At this step, most paths are working with and without .html
:
Markdown | Valid paths | Invalid paths |
---|---|---|
/index.md | / , /index.html | - |
/notes.md | /notes , /notes.html | /notes/ (403) |
/notes/my-note.md | /notes/my-note , /notes/my-note/ , /notes/my-note.html | - |
- | anything not found | Nginx 404 |
We need 3 improvements:
- Vitepress 404 page (see step 2) instead of Nginx 404 message;
- a fix for the 403 when there’s a trailing slash (step 3);
- no more paths with
.html
(step 4);
Step 2: the 404 page
The default Vitepress comes with a 404.html
page. Let’s serve it using the error_page
directive:
server {
index index.html;
# and other things…
location / {
# When the HTTP status code is 404, answer with the `/404.html` file.
error_page 404 /404.html;
try_files $uri $uri.html $uri/ =404;
}
}
Step 3: avoiding the 403 errors
To avoid the 403 on paths with a trailing slash (e.g. my-blog.com/
or my-blog.com/notes/
), we can redirect them to their non-trailing slash version using the rewrite
directive in the server
block.
server {
index index.html;
# and other things…
# Remove the trailing slash (permanent 301 redirect).

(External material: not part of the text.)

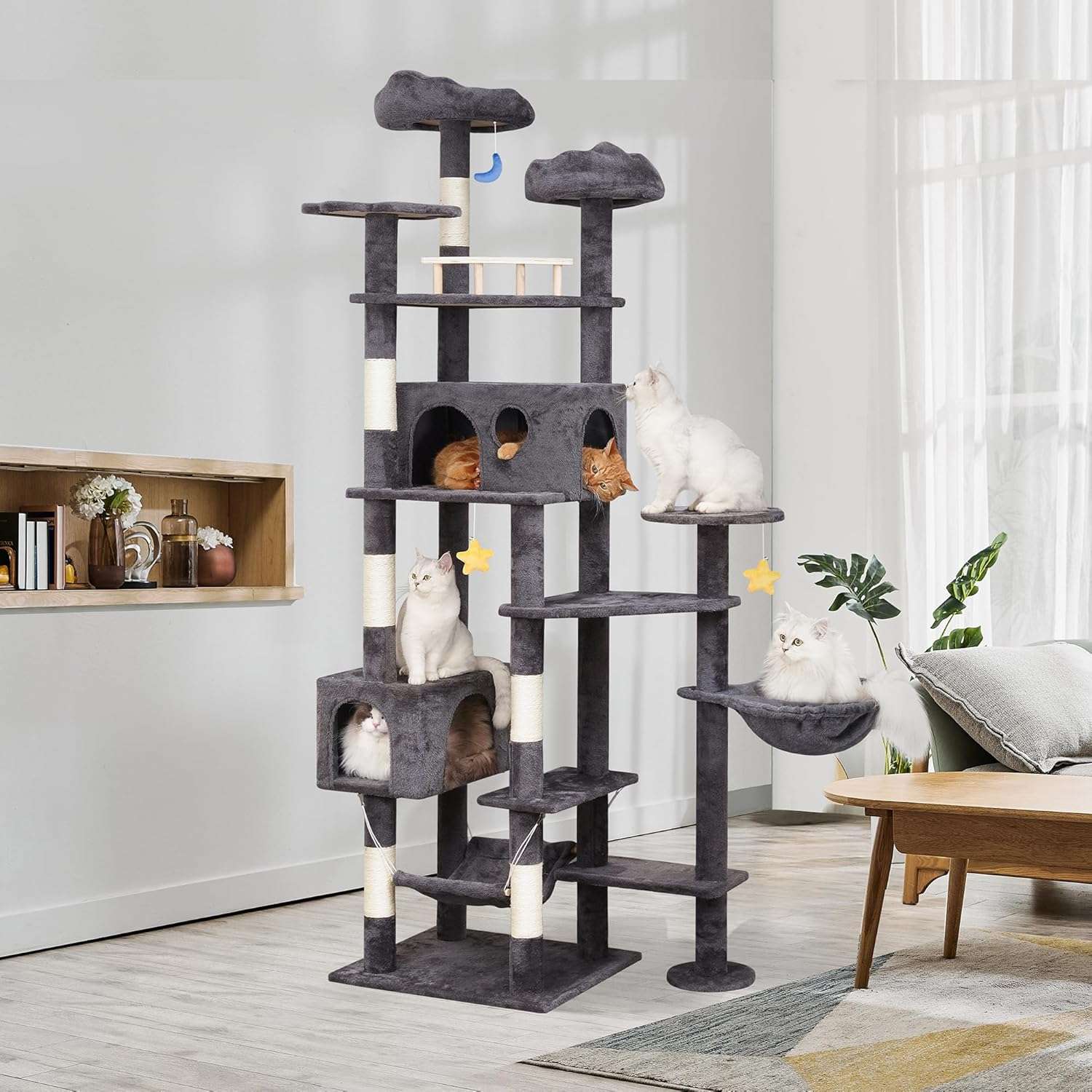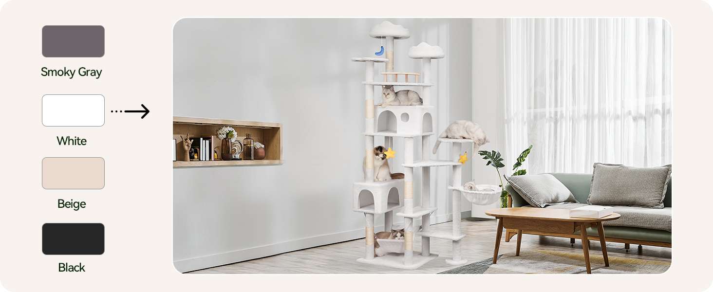 Este árbol alto para gatos añade un toque de fantasía a su hogar, funcionando como un centro de mesa elegante y un refugio seguro para sus amigos felinos.

rewrite ^(.+)/$ $1 permanent;
location / {
error_page 404 /404.html;
try_files $uri $uri.html $uri/ =404;
}
}
WARNING
Note that the permanent
keyword does a 301 redirect, which is permanent and might be cached during a very long time by browsers and search engines. If you are not sure about this rewriting rule, consider the redirect
keyword to get a 302 (temporary) redirect instead of a 301.
Step 4: redirect /slug.html
to /slug
For now, /slug
and /slug.html
are both working, so let’s redirect the one with the trailing .html
.
https://stackoverflow.com/questions/38228393/nginx-remove-html-extension
server {
# other things…
rewrite ^(.+)/$ $1 permanent;
# Remove the trailing `index.html`.
if ($request_uri ~ ^/(.*)index\.html(\?|$)) {
return 301 /$1;
}
# Remove the trailing `.html`.
if ($request_uri ~ ^/(.*)\.html(\?|$)) {
return 301 /$1;
}
location / {
error_page 404 /404.html;
try_files $uri $uri.html $uri/ =404;
}
}
WARNING
Like explained in the warning of the previous step, you might prefer return 302
over return 301
.
The trade-off for index pages
If you have index pages like notes/index.md
, you have to move them to notes.md
, otherwise you’ll experience an infinite redirection loop where Nginx wants to remove the slash, but Vitepress wants to add it back.
In other words, do this:
.
├─ index.md
├─ notes
│ ├─ index.md
│ ├─ post-1.md
│ └─ post-2.md
├─ about.md
└─ notes.md
Readings
Aside from Nginx documentation for the HTTP core module, I was helped by:
- NGINX remove .html extension (StackOverflow)
- Routing access failure after server Nginx deployment (GitHub issue on Vitepress repository): this was where I started before deciding to write this post.